You have to set you include path in php.ini to include the directory that contains adodb directory, otherwise you have to use the full path in the require_once().


----------



## ph0enix (Jun 17, 2009)

roddierod said:
			
		

> You have to set you include path in php.ini to include the directory that contains adodb directory, otherwise you have to use the full path in the require_once().



The problem is that I don't have adodb.inc.php or adodb-exceptions.inc.php anywhere on my system.


----------



## roddierod (Jun 17, 2009)

I double checked my install.

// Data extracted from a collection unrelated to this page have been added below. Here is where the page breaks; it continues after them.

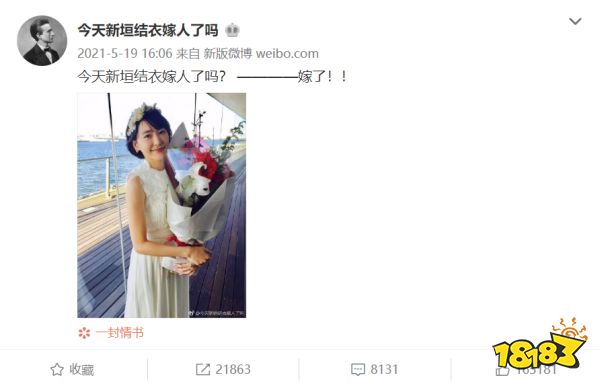 从 2018 年开始连续三年打卡“今天新垣结衣嫁人了吗”的微博,发完“嫁了”微博后停更了一年多: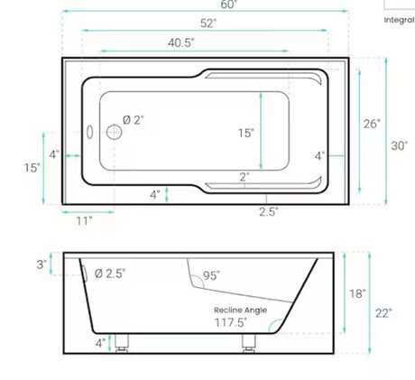 $335.00Unit price /Unavailable Aloha Plus 60 in. Left Drain Rectangular Alcove Soaking Bathtub in White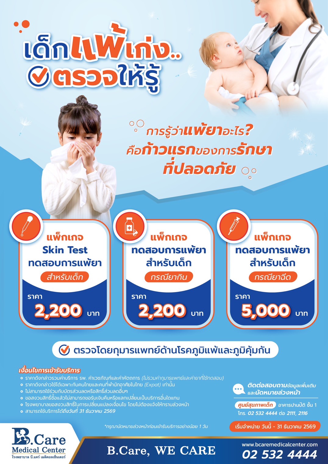 - ราคาดังกล่าวรวมค่าบริการ รพ. ค่าเวชภัณฑ์และค่าหัตถการ (ไม่รวมค่ากุมารแพทย์และค่ายาที่ใช้ทดสอบ)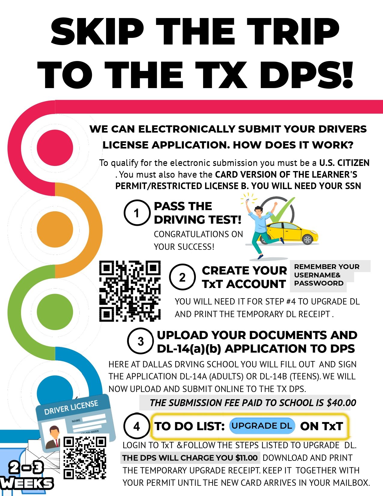 - Must have a Printed Impact Video Certificate (This is a DPS requirement for taking a Driving Test).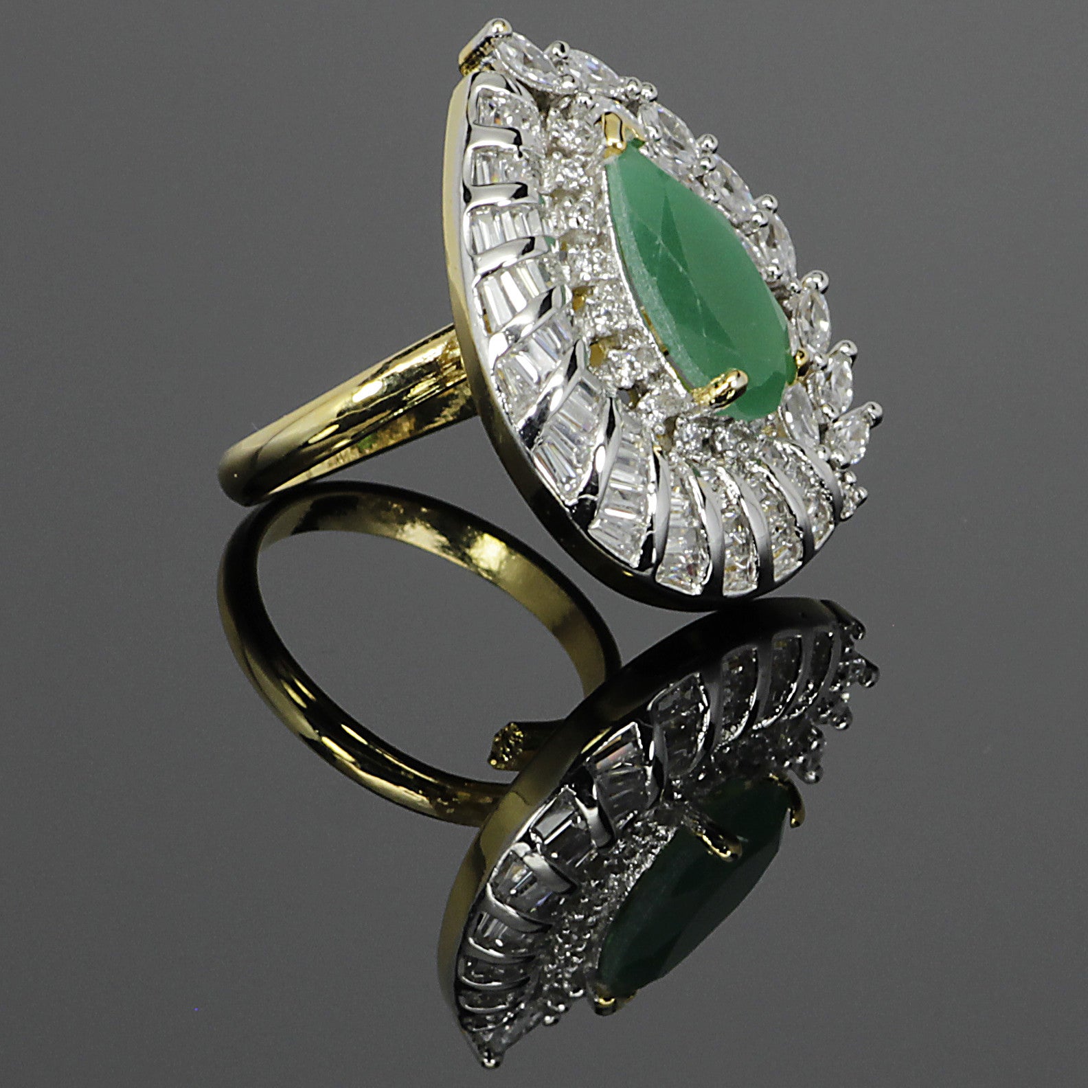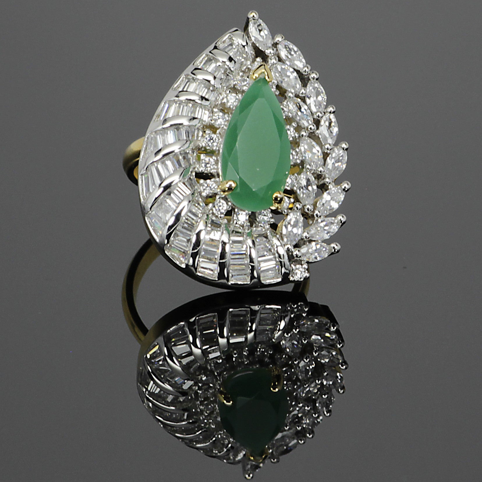 This cocktail ring features bezel set pear shaped gemstone outlined  by marquise on one side and baguettes on the other with accent simulated diamonds in the middle.

I have /usr/local/share/adodb.

It looks as if that comes from the adodb-4.99.1 port. It's been a good while since I installed all this. I've been using the adodb with php for 5 or 6 years.


----------



## ph0enix (Jun 18, 2009)

roddierod said:
			
		

> I double checked my install. I have /usr/local/share/adodb.
> 
> It looks as if that comes from the adodb-4.99.1 port. It's been a good while since I installed all this. I've been using the adodb with php for 5 or 6 years.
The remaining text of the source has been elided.